6.Let f: A-> B.Let f" be the inverse relation ,then show that

To show these statements, we start by clarifying some definitions and concepts.

Definitions:

1. Function: A relation \( f: A \to B \) is called a function if every element in \( A \) is related to exactly one element in \( B \).

2. Inverse Relation: The inverse relation \( f' \) (often denoted \( f^{-1} \)) of a relation \( f \) is defined such that if \( (a,b) \in f \), then \( (b,a) \in f' \).

3. One-to-One Function (Injective): A function \( f \) is one-to-one (1-1 or injective) if for all \( x_1, x_2 \in A\), if \( f(x_1) = f(x_2) \), then \( x_1 = x_2 \).

4. Onto Function (Surjective): A function \( f \) is onto (surjective) if the range of \( f \) is equal to \( B \), meaning every element in \( B \) is the image of at least one element in \( A \).

Now, we will prove the statements:

Part (a):

Statement: \( f \) is a function from \( \text{Range}(f) \) into \( A \) if and only if \( f \) is 1-1.

Proof:

1. (⇒) Assume \( f \) is a function from \( \text{Range}(f) \) into \( A \):

   • Let \( f(x_1) = f(x_2) \) for some \( x_1, x_2 \in A \).
   • Since \( f \) is a function from \( \text{Range}(f) \) into \( A \), for every output in the range, there is a unique corresponding input.
   • This means \( x_1 \) must equal \( x_2 \).
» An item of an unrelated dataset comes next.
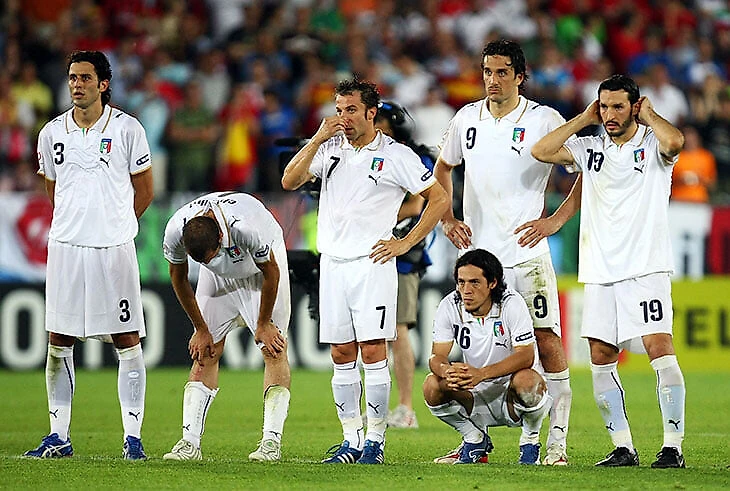 После победы на ЧМ-2006 идут сплошные разочарования: на Евро-2008 итальянцы вышли из группы и сразу проиграли той самой Испании, а после был провал на провале: на ЧМ-2010 и 2014 Италия не вышла из группы, на ЧМ-2018 вообще не попала и только на Евро как-то старалась соответствовать (в 2012-м добралась до финала, а в 2016-м уступила Германии в четвертьфинале).

Therefore, \( f \) is injective (1-1).

2. (⇐) Assume \( f \) is 1-1:

   • For any \( b \in \text{Range}(f) \), there exists \( a \in A \) such that \( f(a) = b \).
   • Since \( f \) is 1-1, there cannot be two different inputs \( a_1 \) and \( a_2 \in A \) that map to the same \( b \). Thus for each \( b \in \text{Range}(f) \), there is a unique \( a \), making \( f \) a function from \( \text{Range}(f) \) into \( A \).

Thus, we have shown that \( f \) is a function from \( \text{Range}(f) \) into \( A \) if and only if \( f \) is 1-1.

Part (b):

Statement: \( f' \) is a function from \( B \) into \( A \) if and only if \( f \) is 1-1 and onto.

Proof:

1. (⇒) Assume \( f' \) is a function from \( B \) into \( A \):

   • For every \( b \in B \), there is a unique \( a \in A \) such that \( f(a) = b \).
   • Since there must be a unique \( a \) for each \( b \), \( f \) must be 1-1; if \( f(a_1) = f(a_2) = b \), then \( a_1 \) must equal \( a_2 \).
   • Moreover, since \( f' \) is defined for every \( b \in B \), it means every element in \( B \) must be the image of some \( a \in A \) (i.e., \( f \) is onto).

2. (⇐) Assume \( f \) is 1-1 and onto:

   • Since \( f \) is onto, for every \( b \in B \), there exists at least one \( a \in A \) such that \( f(a) = b \).
   • Since \( f \) is 1-1, this mapping from \( b \) back to \( a \) must be unique for each \( b \).
   • Therefore, we can define the inverse relation \( f' \) where for every \( b \in B \), there is a unique associated \( a \in A \), meaning \( f' \) is a function from \( B \) into \( A \).

Thus, we have shown that \( f' \) is a function from \( B \) into \( A \) if and only if \( f \) is 1-1 and onto.

Overall, both parts of the statement are proven successfully.